Padre Misericordioso

Durante la noche de este martes 15 de noviembre, nuestra comunidad de Padre Misericordioso nos llama a la reflexión: preguntarnos qué dejamos de hacer para desconocer en el postergado su condición de persona.

¿Cuántas veces vamos andando por la vida y vemos como un hombre abandonado por el mundo, duerme en la calle? ¿Cuántas veces nos encontramos deambulando y vemos a esa niña, que debería estar en la escuela y jugando, vendiendo mesa por mesa algún producto? ¿Y cuántas otras ocasiones similares se nos atraviesan día a día en donde una persona se ve presa de un presente carente oportunidades? Seguramente muchas.

La realidad de estas personas nos conmueve sin lugar a dudas. La utopía de erradicar ese dolor y ese abandono se vuelve una meta soñada. Nadie merece estar durmiendo en la calle, nadie merece no poder acceder a la educación. Nadie quiere que esto suceda. Y sin embargo, el mundo avanza y los va dejando atrás.

Si de verdad nos preocupamos por estos flagelos, ¿por qué continúan? ¿por qué se acrecentan? Indudablemente, hay algo más profundo que la simple empatía. Hemos perdido la capacidad de ver y abrazar la vida: una acción que implica mucho más que ilusionarnos con esa solución y que por lo general, pretendemos que lo resuelva un tercero.

Esperar que alguien más tome las riendas mientras nosotros no hacemos nada, es desentendernos. Y preferimos que así sea. El mundo trabaja también para que todos estemos más cómodos, pero también más alejados entre nosotros.

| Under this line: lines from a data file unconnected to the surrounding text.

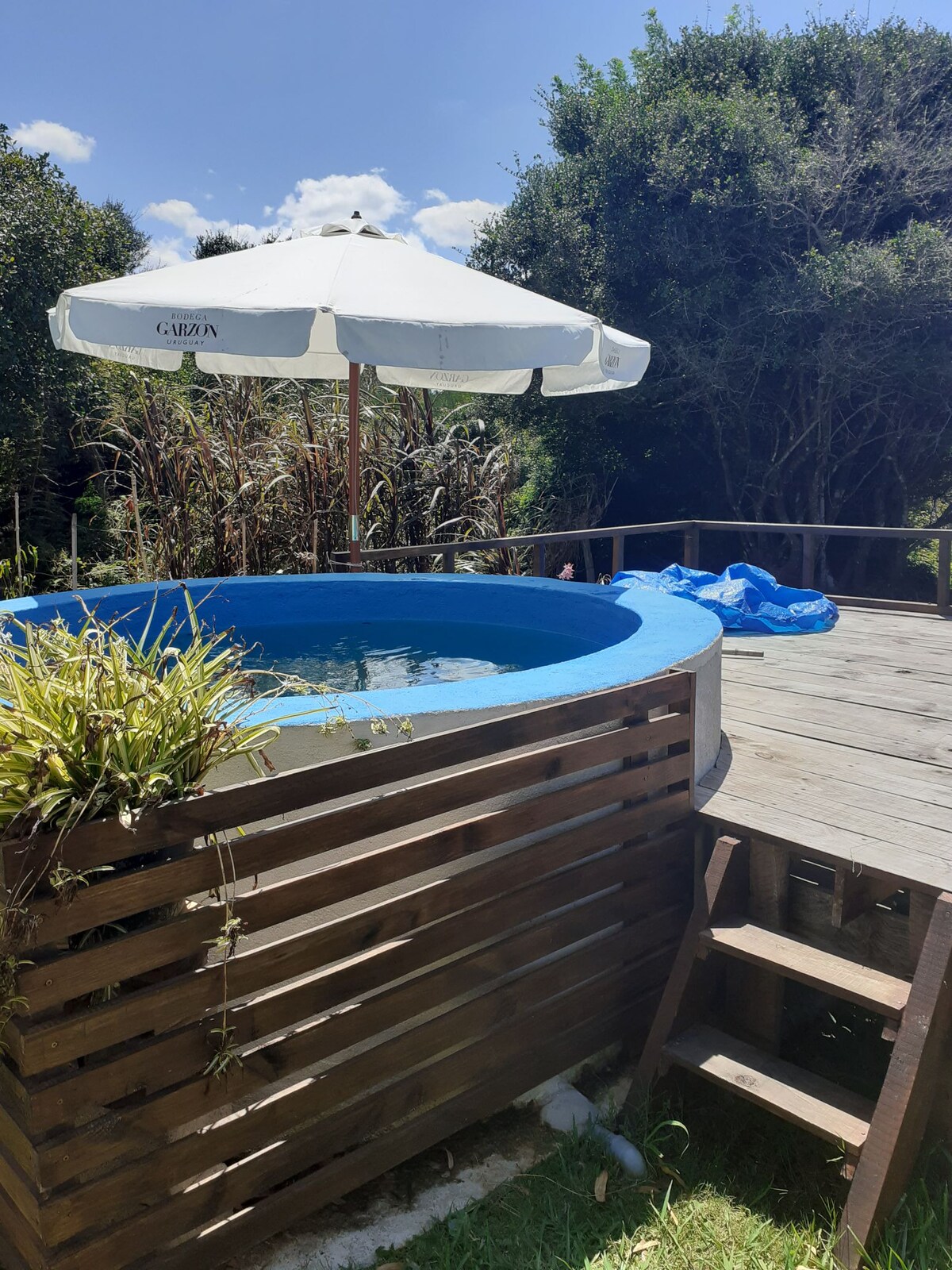 Casa, naturaleza plena, pequeña piscina y amplia vista al mar.
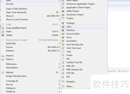 4、 用鼠标选中新建的Java项目,点击右键,选择New中的Class类,操作所示。
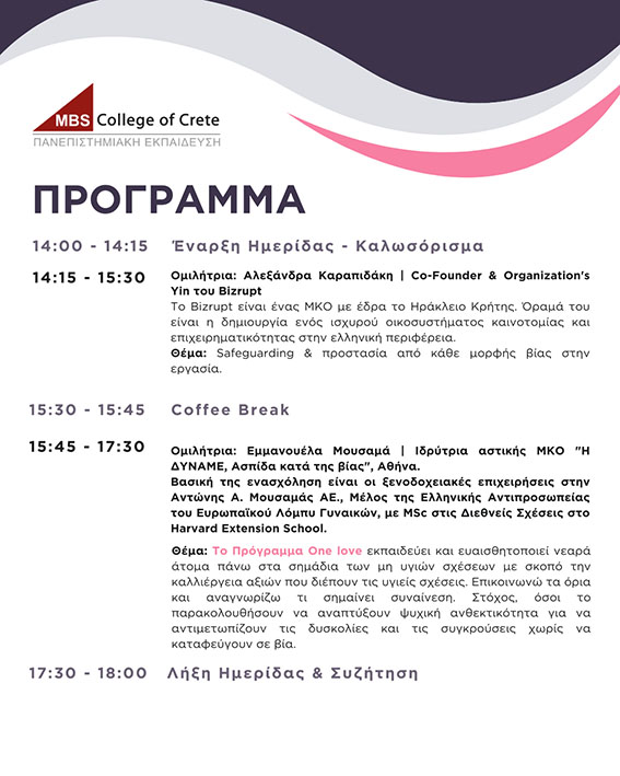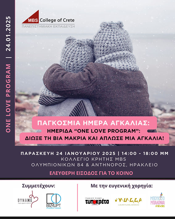 Στο πλαίσιο της σημερινής Παγκόσμιας Ημέρας Αγκαλιάς, το Κολλέγιο Κρήτης MBS σε συνεργασία με την Dyname Aspis against Violence και την Bizrupt, πραγματοποιούν ημερίδα με θέμα
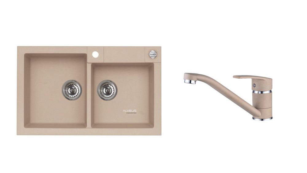 Vestavěný dřez, univerzál. Provedení : granitový dřez Vnější rozměr: 780 x 480 mm Rozměr vaničky: 340 x 400 x 180 mm 340 x 350 x 180 mm Exentrický sítkový ventil 3 1/2 s přepadem, sifon pro úsporu místa s odbočkou na myčku Úchyty a těsnění pro upevnění dřezu v balení S otvorem pro baterii Návod pro instalaci v obrázcích na obale Instalace do skříňky o šířce 800 mm Váha: 21,45 kg Rozměr balení (mm): 865x560x220 Baterie NINA Vysokotlaká baterie otočné ramínko rozměr:237 x 111 mm provedení: barevný nástřik
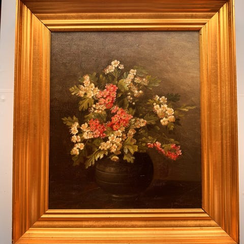 Maleriet er signeret nederst (F. Swa… / Swartz – signatur slidt men synlig). Udført med tydelige penselstrøg, god figurtegning og stærk stemning. Leveres i forgyldt ældre træramme som klæder motivet særdeles godt.
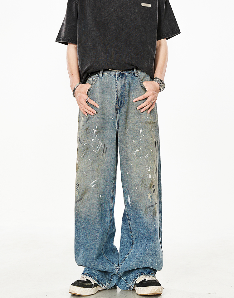 紮染潑墨直筒牛仔褲女美式高街做舊寬鬆拖地闊腿褲
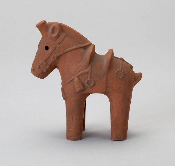 Piccola scultura in ceramica raffigurante cavallo stante.
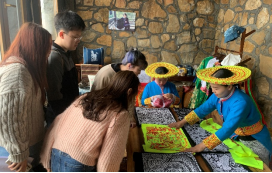4月16日上午,在雪峰山大花瑶景区负责人带领下,调研组五人来到山背花瑶梯田景区学习瑶族挑花技艺。该景区的星空云舍,是雪峰山生态文化旅游公司精心打造的精品高档民宿。其中有专门场地用于展示花瑶非遗——挑花技艺,花瑶挑花取材广泛,内容丰富,形态多样,有上千种之多。与机绣、湘绣不同,花瑶挑花不需要提前描绘设计,也不用模具做刺绣架,全凭挑花女灵巧的双手和娴熟的技巧,以自己心中的构图和对美的理解,通过挑花女个人的日常生活经验和想象在土布上进行操作。在非物质文化遗产活化和原真性方面,这里的挑花技艺传承人供职于该景区,她们会根据公司需求和游客喜好,结合挑花古法对服饰、提包、枕套等日常生活物品进行创新,将传统花瑶文化与现代生活进行相融,既加深了游客对于花瑶技艺的学习、认同,又促进了花瑶的非遗活化和传承。
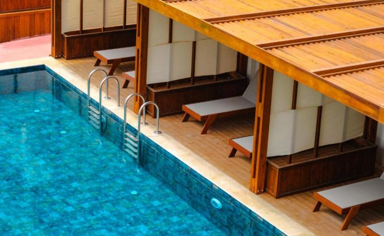 Собствен, пясъчно-чакълест, с дължина на плажната ивица 216 м. Чадъри, шезлонги и плажни кърпи на плажа и при басейна - безплатно.
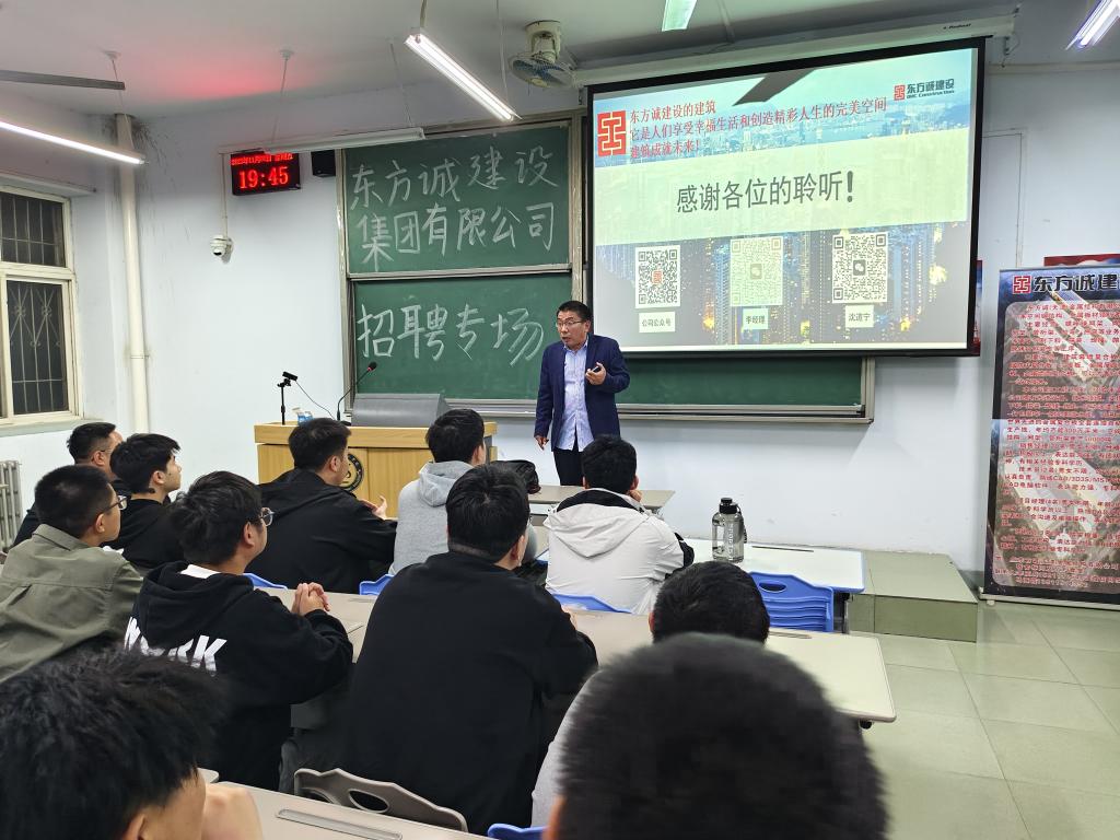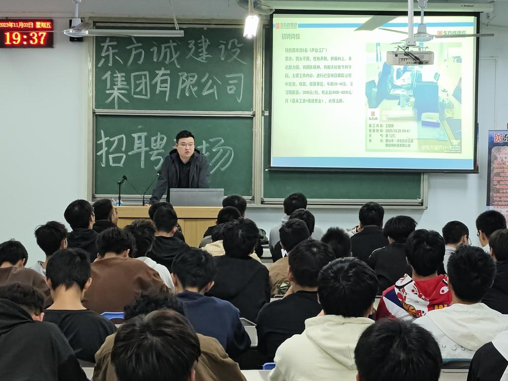 为了让应届毕业生得到更多的就业机会,也为了让企业能够获得更多优质的应聘者,11月3日晚,东方城建设集团有限公司在二教107进行企业专场招聘会,在于老师的组织下,建筑工程系2023届毕业生积极参加企业招聘会。
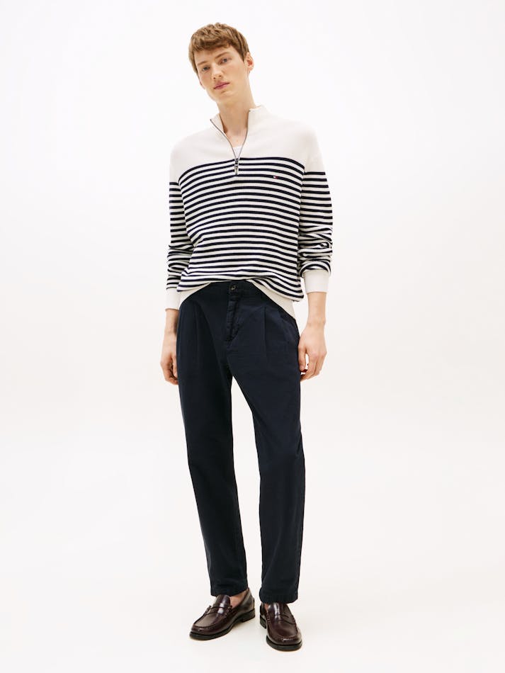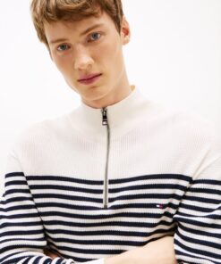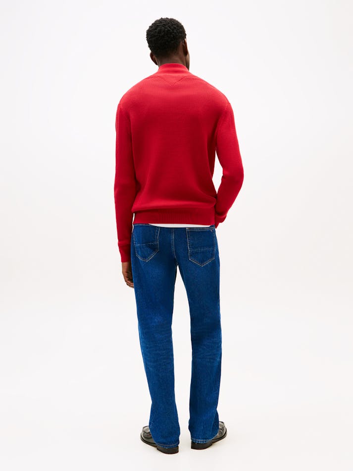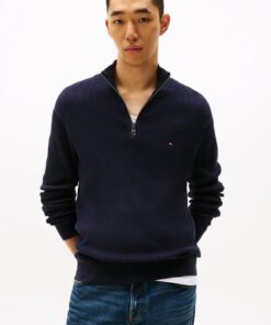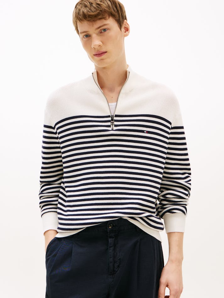 Crafted with a racking stitch for extra texture, this jumper features signature flag embroidery and a quarter-zip neckline for customisable wear.
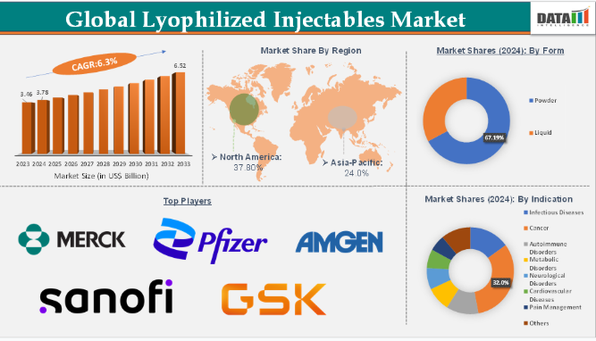 DMIの分析によると、凍結乾燥注射剤市場規模は2024年に37億8,000万米ドルに達し、2025年から2033年の予測期間中に年平均成長率(CAGR)6.3%で成長し、2033年までに65億2,000万米ドルに達すると予想されています。凍結乾燥注射剤市場は、主に生物学的製剤およびバイオシミラーの採用拡大、ワクチン接種プログラムの拡充、凍結乾燥プロセスの技術進歩に牽引され、世界的に堅調な成長を遂げている。凍結乾燥技術は、モノクローナル抗体、ペプチド、ワクチンなどの生物学的製剤をはじめとする、安定性・保存期間・有効性が求められる注射剤の製剤技術として依然として重要である。
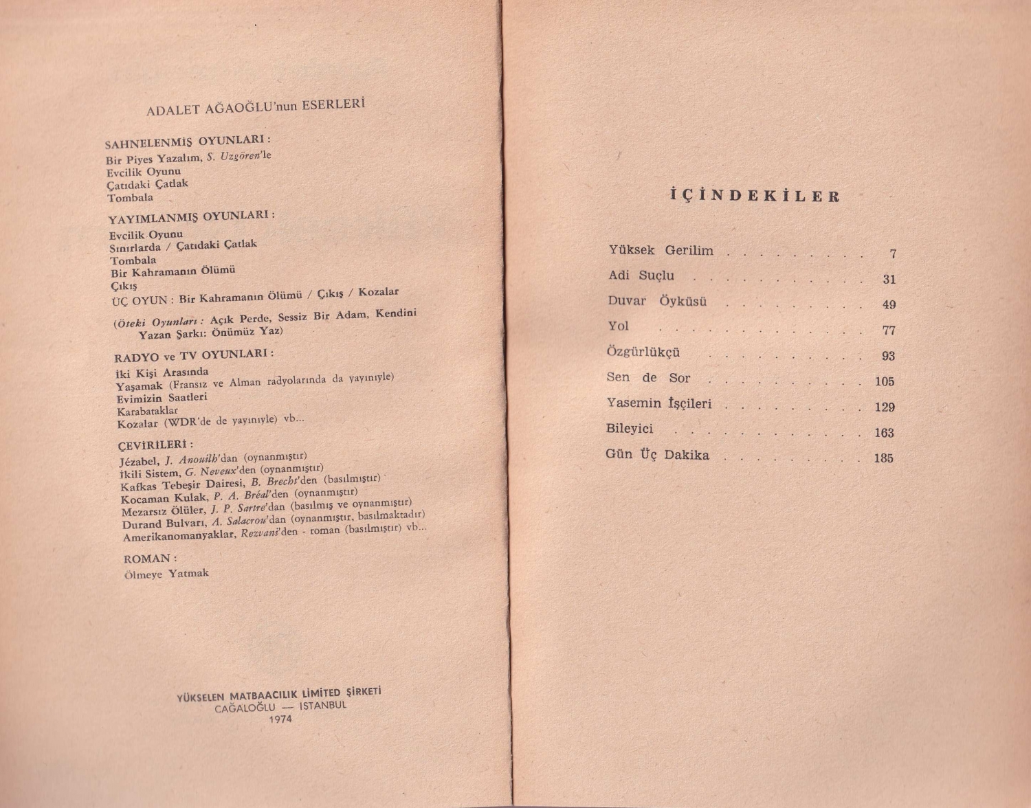 Yüksek Gerilim, Adalet Ağaoğlu, Remzi Kitabevi, 1974, 207 sayfa, 14x20 cm.
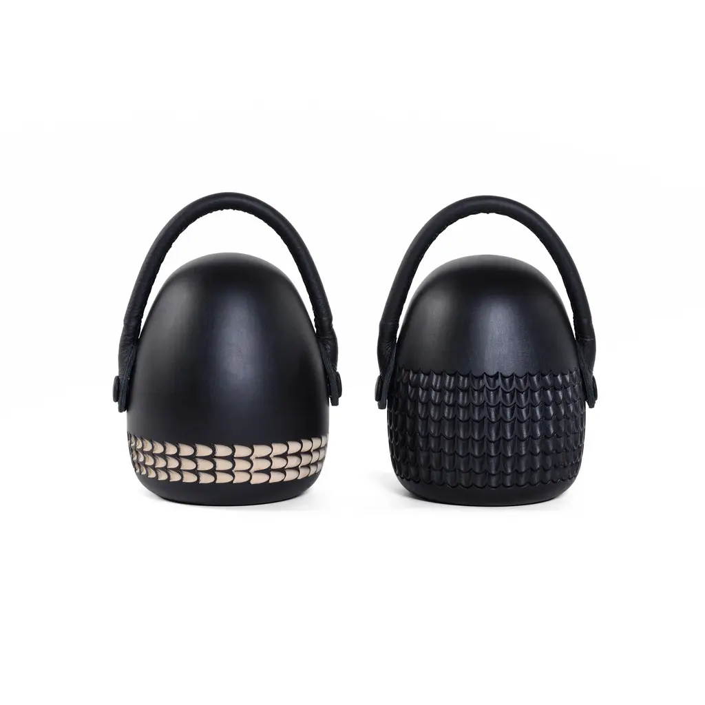 The Stopme Bookstop + Doorstop by Zanat is a versatile and elegant accessory, perfect for any home or office. Designed by Monica Förster, this piece features a hand-carved solid wood base and a skillfully stitched leather handle. It can be used to keep books in place or to hold doors open, combining functionality with a decorative touch. Available in black stained maple with various intricate carvings, the Stopme showcases Zanat's dedication to craftsmanship and design excellence, making it a sophisticated addition to any space.
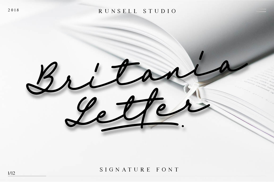 Britania Letter is perfectly suited to signature, stationery, logo, typography quotes, magazine or book cover, website header, clothing, branding, packaging design and more. A handwritten script font containing upper and lowercase characters, numerals and a large range of punctuation.

La distancia nos quita la posibilidad del encuentro. Y la falta de encuentro, no permite dialogar.

En la comodidad de nuestras casas, ahora creemos que podemos resolverlo todo desde el celular y en un solo día: pero es evidente que no nos lleva a ningún lado. Necesitamos frenar un poco, para volver a escucharnos, y en la mesa común poder conocer la realidad de quien piensa distinto, para encontrar la solución del consenso.

El Papa Francisco desde que asumió como Sumo Pontífice de la Iglesia, nos mostró -y sigue mostrando- que las diferencias, lejos de ser obstáculos, pueden transformarse en oportunidades para entender porqué nos distanciamos. Pero no solo de los que me rodean, si no de los que el mundo descarta. Porque vivir en la calle, no tener acceso a la educación o recaer en las drogas, son realidades con las que tenemos que empezar a lidiar, porque también son diferencias: la de una vida plena y la del abandono.

Allí está la verdadera grieta. Habrá que sellarla, o al menos construir puentes. Ya es tiempo de ponernos de acuerdo entre nosotros y empezar hoy mismo a darle una solución estas realidades que nadie merece vivir. Las oportunidades tienen que ser para todos.

Como dijo el Papa Francisco, «necesitamos instaurar esta cultura del encuentro, porque ni las ideas ni los conceptos se aman; se aman las personas. La verdadera entrega surge del amor a hombres y mujeres, niños y ancianos, pueblos y comunidades. Rostros y nombres que llenan el corazón».

Y si por algún lado tenemos que comenzar, que sea siempre en las periferias, con los más olvidados; pero no para que continúen sobreviviendo, sino viviendo como cada uno de nosotros. Abracemos la vida como nunca y devolvamos lo que la vorágine del mundo no ha podido resolver: dejar de excluir.